Banned foods on the keto diet
- Baked goods of all kinds, including white bread made of wheat, donuts, and pastries, as they contain high levels of carbohydrates.
- Fast food saturated with unhealthy fats and those made with corn oil are taboo on the keto diet.
- Sugars and sweets such as white honey, sweets made of white sugar, and soft drinks.
- Citrus fruits such as grapes, bananas, and pineapple, contain high levels of forbidden natural sugars.
- Starches of various kinds, such as corn, sweet potatoes, potatoes, taro, peas, and pumpkin.

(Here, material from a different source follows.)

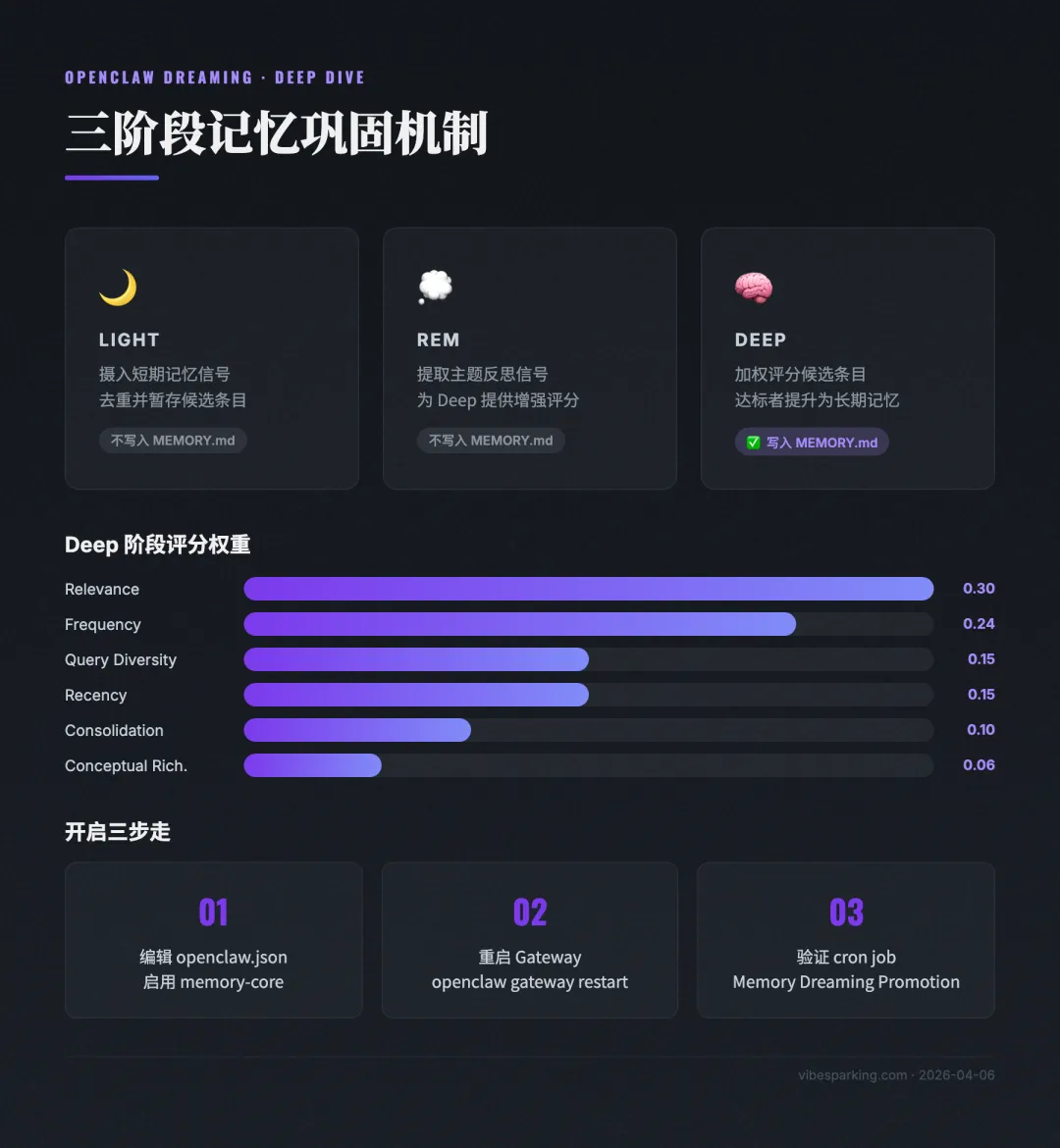 官方文档:https://docs.openclaw.ai/concepts/dreaming[1]

- Grains, especially wheat, corn, and oats, as these grains contain amounts of carbohydrates that the keto diet prevents.
- Legumes such as lentils, beans, chickpeas, kidney beans, cowpeas, and other different types of legumes.
- Processed sauces such as ketchup, mayonnaise, and barbecue are all fatty products saturated with unhealthy fats that cause high blood sugar levels and are prevented by the keto diet.
Calories are given by the keto diet
- The amount of calories gained by the body varies according to the amount of food obtained by the patient, according to the instructions of the attending physician.
- Calories are gradually reduced from one week to the next, depending on a strict dietary schedule established by the attending physician based on the needs of the body.
- The calories that the body gets on the keto diet range from 1266 to 1196 calories per day, which helps to reduce weight effectively.